→ **Provided data**
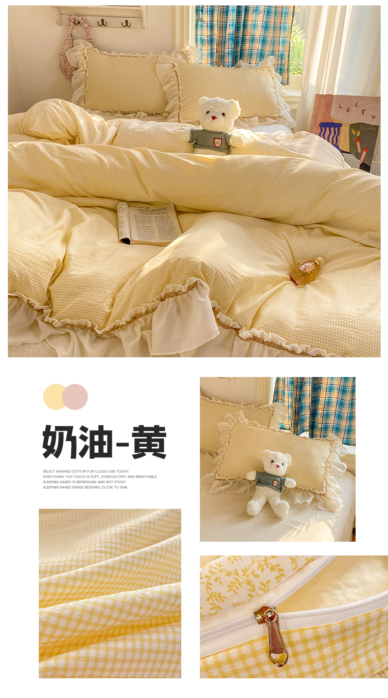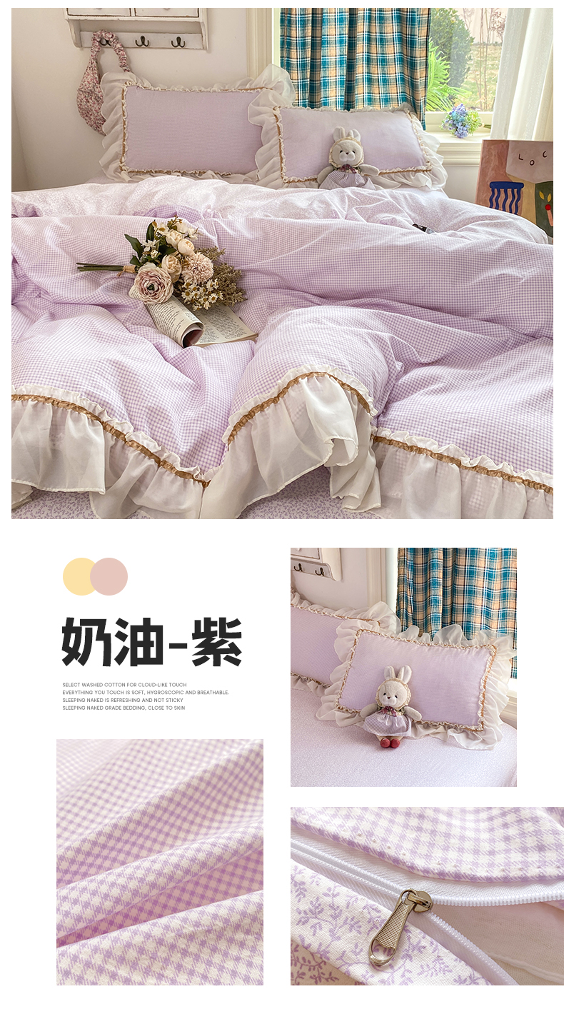 (总)艺玲家纺 2025新款韩版亲肤水洗棉刺绣花边床裙四件套,香香小姐-粉玉,香香小姐-米黄,香香小姐-浅绿,香香小姐-浅紫
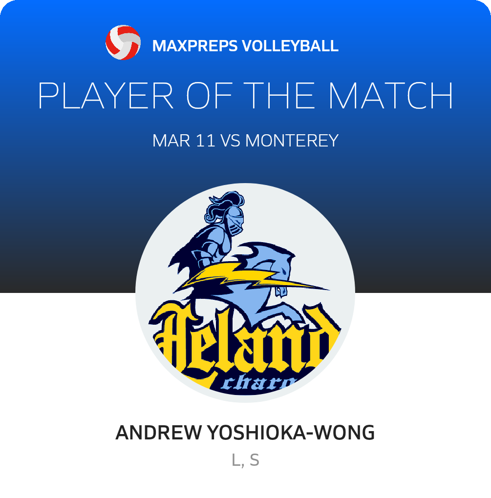 Congratulations to #4 Andrew Yoshioka-Wong for being selected the Leland Boys Volleyball Player of the Match.
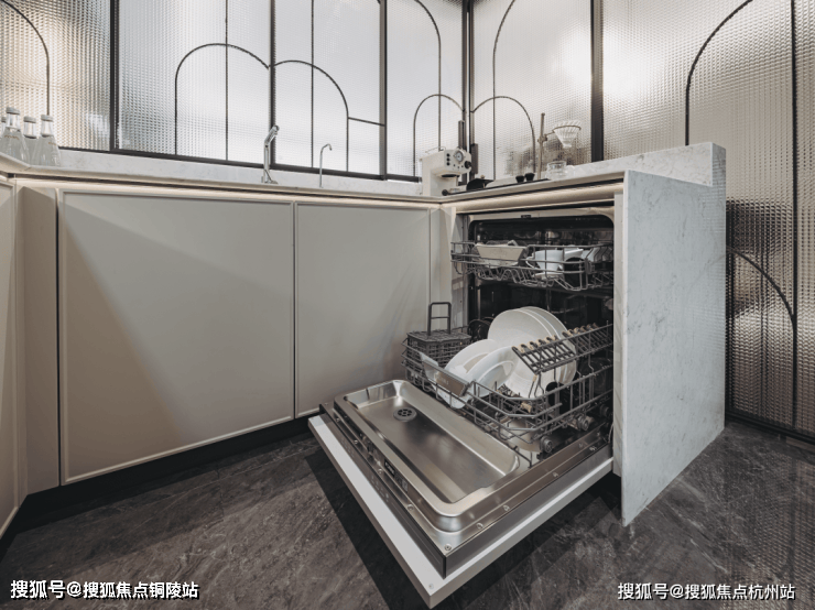 比如厨房的一圈橱柜都是飘窗,水槽也是。这样还能多出一个岛台空间,做饭的时候能和家人交流,象屿天宸雅颂,打造更有交流感的餐厨区域。
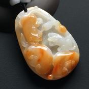 巧雕黄加绿喜上眉梢 翡翠吊坠 尺寸:66-44-15.5毫米

→ **Task objective**
Find the line with "比如厨房的一圈橱柜都是飘窗,水槽也是。这" in the listing and extract it and all lines after it through the end, exactly, without the pictures.

→ **Completed exercise**
 比如厨房的一圈橱柜都是飘窗,水槽也是。这样还能多出一个岛台空间,做饭的时候能和家人交流,象屿天宸雅颂,打造更有交流感的餐厨区域。
 巧雕黄加绿喜上眉梢 翡翠吊坠 尺寸:66-44-15.5毫米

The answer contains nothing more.